Federalna televizija
- Country: Bosnia and Herzegovina
- Network: RTVFBiH
- Affiliates: Federalni Radio Federalna.ba
- Headquarters: Sarajevo

Programming
- Languages: Bosnian Croatian
- Picture format: 16:9 1080i (HDTV)

Ownership
- Owner: RTVFBiH
- Key people: Željko Tica (editor-in-chief)
- Sister channels: FTV 2 (2001–2003)

History
- Launched: 27 October 2001

Links
- Website: www.federalna.ba

Availability

Terrestrial
- Terrestrial signal: Across the territory of FBiH entity and BiH

= Federalna televizija =

Federalna televizija (also known as Televizion of the Federation of Bosnia and Herzegovina or FTV) is a public TV channel operated by RTVFBiH. The program is broadcast on a daily basis, 24 hours from RTVFBiH headquarters located in Sarajevo.
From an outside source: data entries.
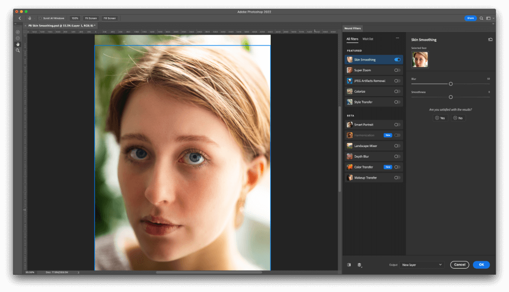 Smoothing Pores and skin in Photoshop With Neural Filters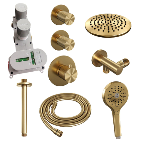 Brauer Gold Carving Regendoucheset inbouw - hoofddouche 20cm - plafondarm 20cm - 3 carving knoppen - handdouche rond 3 standen - PVD - geborsteld goud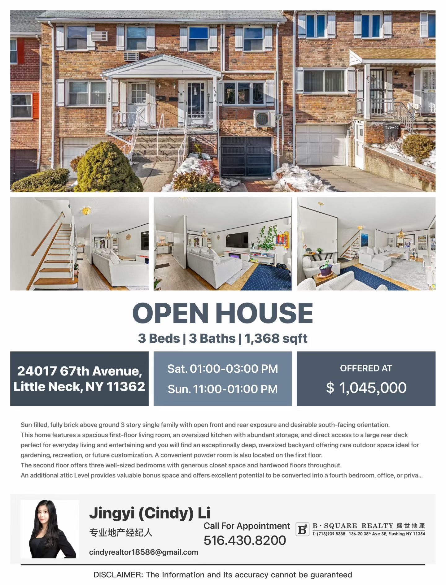 如想亲自体验这栋宽敞、采光极佳的全砖单户住宅,请联系专业地产经纪人Jingyi (Cindy) Li安排: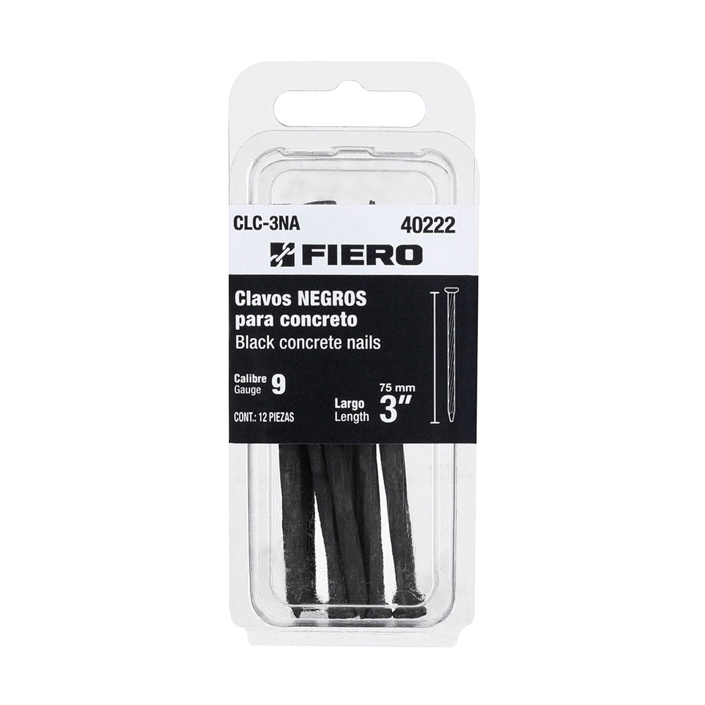 Blíster con 12 clavos negros para concreto 3', Fiero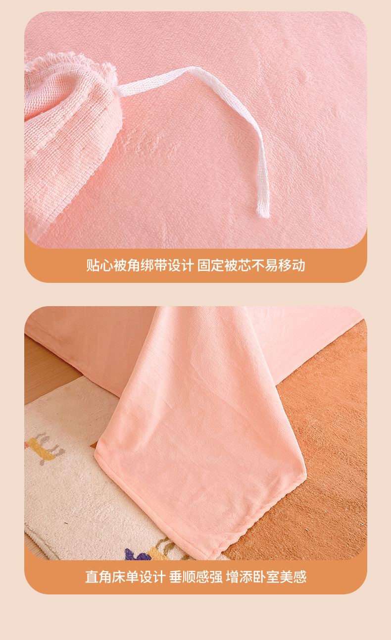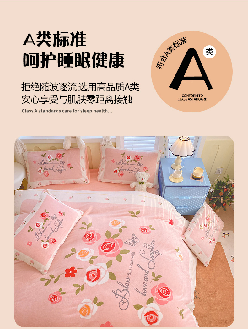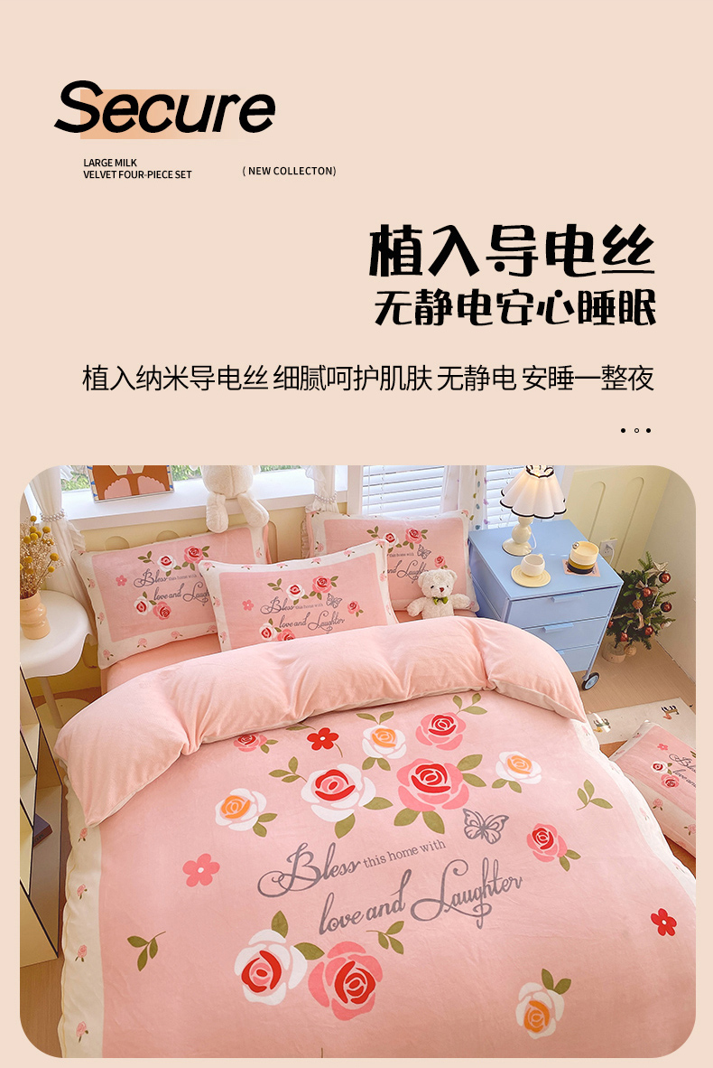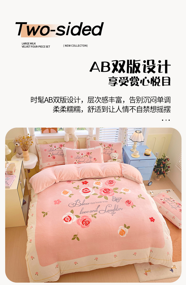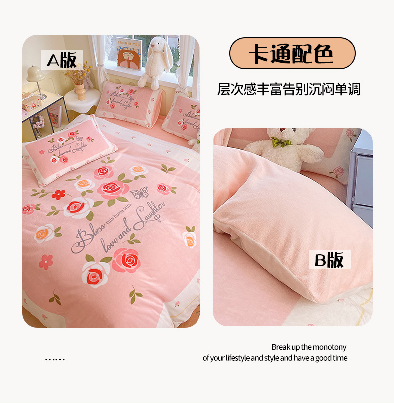 商品名称:莱米家纺 2024新款大版牛奶绒卡通四件套 粉色恋歌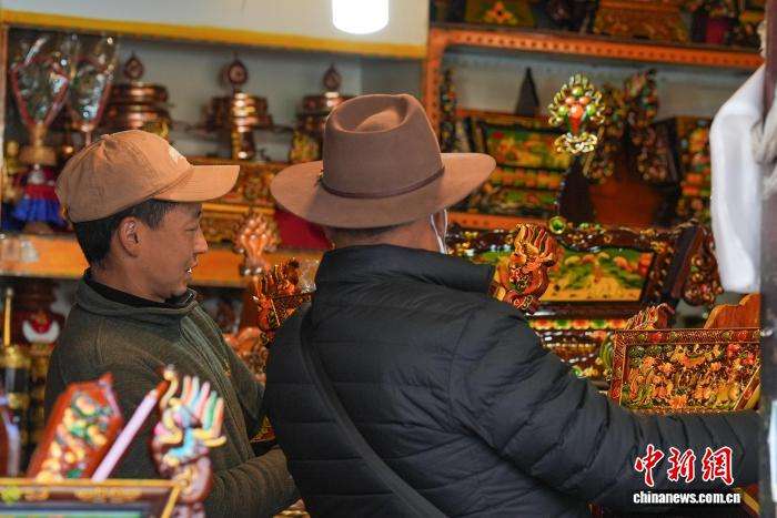 市民在八廓商城选购年货香布(藏式建筑门窗上装饰的五彩布料)。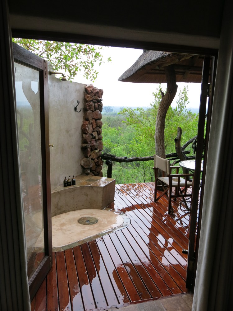Waking up and seeing wildlife grazing just outside the window is one benefit of having no fence around the lodges, we had a house kudu that kept waking us up every morning with loud grazing, the downside was that we had to have guards every time we left our hut in the evening, but that also made it exciting. The lodge itself was great, with outside shower, small plunge pool, fireplace in the bedroom and big bathtub to soak in after a long hard day in the jeep.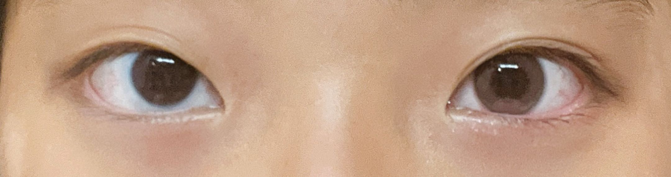 1枚目室内明かり左側裸眼、右目カラコン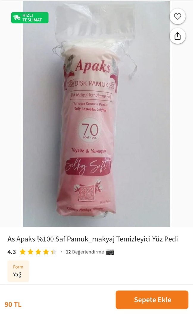 Apaks %100 saf pamuktan üretilmiş 70 adet makyaj temizleyici yüz pedi. Yumuşak ve tüysüz dokusu ile cildi nazikçe temizler. ( elimde 10 paket var)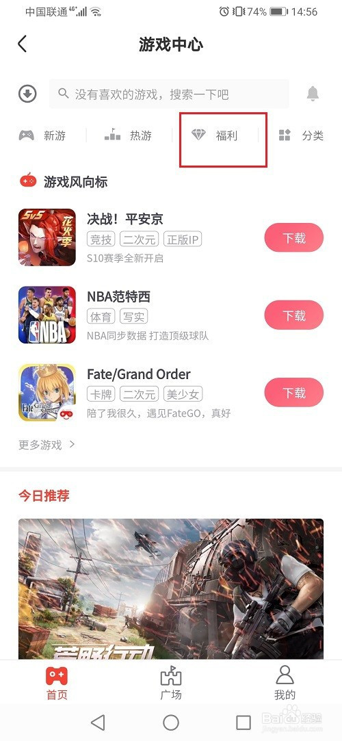 第三步进去游戏中间之后,点击福利
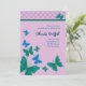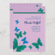 Chá de panela na moda. Borboletas das características em azul e em verde com um fundo roxo. O divertimento e os jovens projetam, perfeito para uma noiva chique. Moderno e elegante. Adicione seu próprio fraseio. Pode igualmente ser personalizado para uma festa de aniversário.

The radio and television program is mainly produced in Bosnian and Croatian. Television program initially aired on two television channels (FTV1 and FTV2). Since April 2003 the television program is reduced to one (just FTV). According to the most recent measurements viewership of television channels in 2012, FTV is most watched television station in Bosnia and Herzegovina with 14.4% share. This television channel broadcasts a variety of programs such as news, talk shows, documentaries, sports, movies, mosaic, children's programs, etc. FTV also broadcasts teletext services (Teletext FTV).
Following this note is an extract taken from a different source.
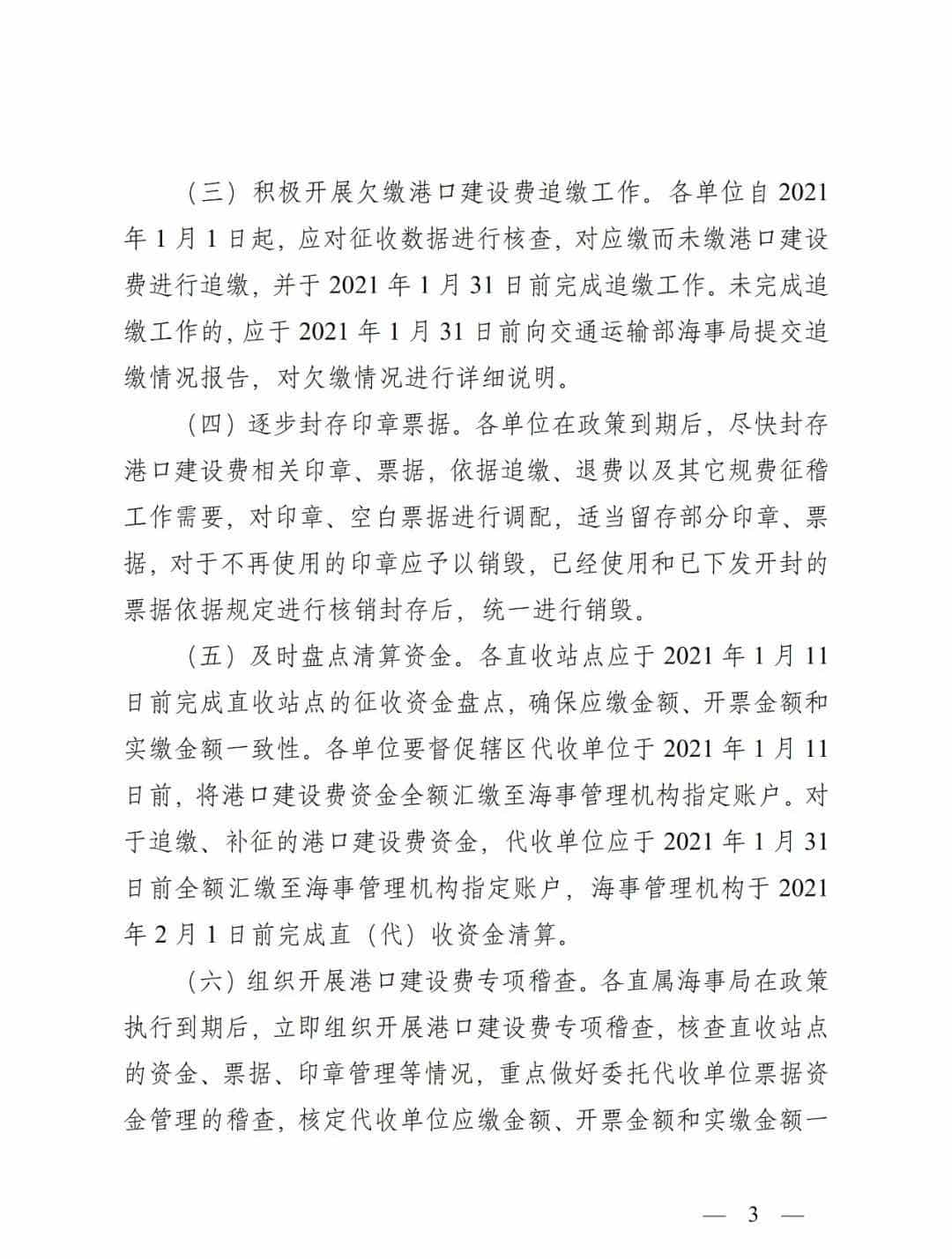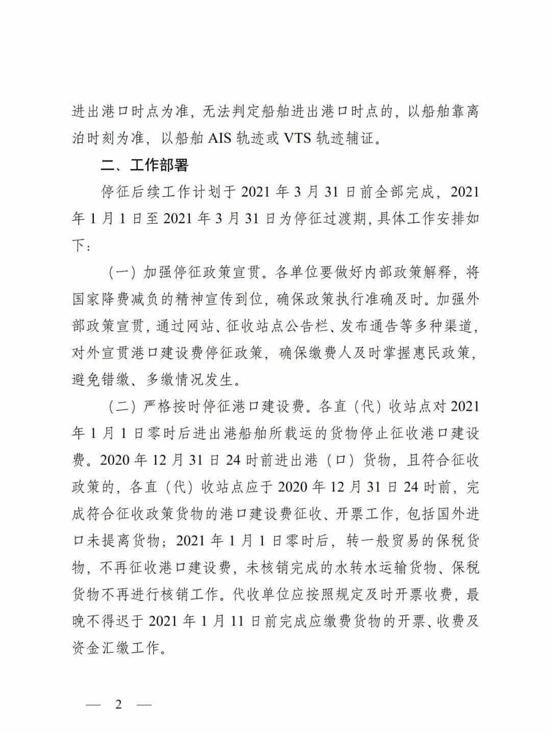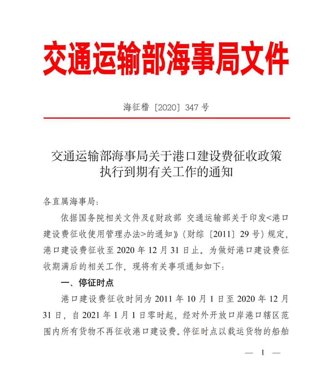 港口建設(shè)費(fèi)征收時(shí)間為2011年10月1日至2020年12月31日,自2021年1月1日零時(shí)起,經(jīng)對(duì)外開放口岸港口轄區(qū)范圍內(nèi)所有貨物不再征收港口建設(shè)費(fèi)。

== Programming overview ==
Federalna televizija (FTV) offers a wide variety of content spanning news, talk shows, entertainment, documentaries, sports, and drama. Below is a categorized breakdown of FTV's key offerings:

=== News programs ===
- Dnevnik: Main news, sports, and weather aired daily at 12:00 (Dnevnik 1), 19:30 (Dnevnik 2), and approximately 23:00 (Dnevnik 3).
- Vijesti: Short news bulletins at 08:00, 10:00, and 14:15–14:45.
- Federacija Danas ("Federation Today"): Local and regional news from major cities in the Federation of Bosnia and Herzegovina (FBiH). Broadcast Monday to Friday at 17:00. Regional TV studios are located in Bihać, Mostar, Tuzla, Zenica, and Travnik.
- Paralele: A popular magazine covering global news and politics. Hosted by Mladen Marić until his death on November 16, 2019. The future of the show remains uncertain.

=== Talk shows ===
- Odgovorite ljudima ("Answer to the People"): A discussion show addressing societal issues in Bosnia and Herzegovina. Airs Wednesdays at 20:10.
- Dnevnik D: A short prime-time interview program with guests, broadcast Thursdays at 20:05.

=== Entertainment ===
- Jutarnji Program ("Morning Program"): A mosaic-style morning show produced collaboratively with BHRT.
- TV Bingo Show: National lottery program airing Fridays at 20:10.
- SuperLOTO: National lottery program aired Tuesdays at 19:10.
- LOTO 5/39: National lottery program aired Thursdays at 19:10.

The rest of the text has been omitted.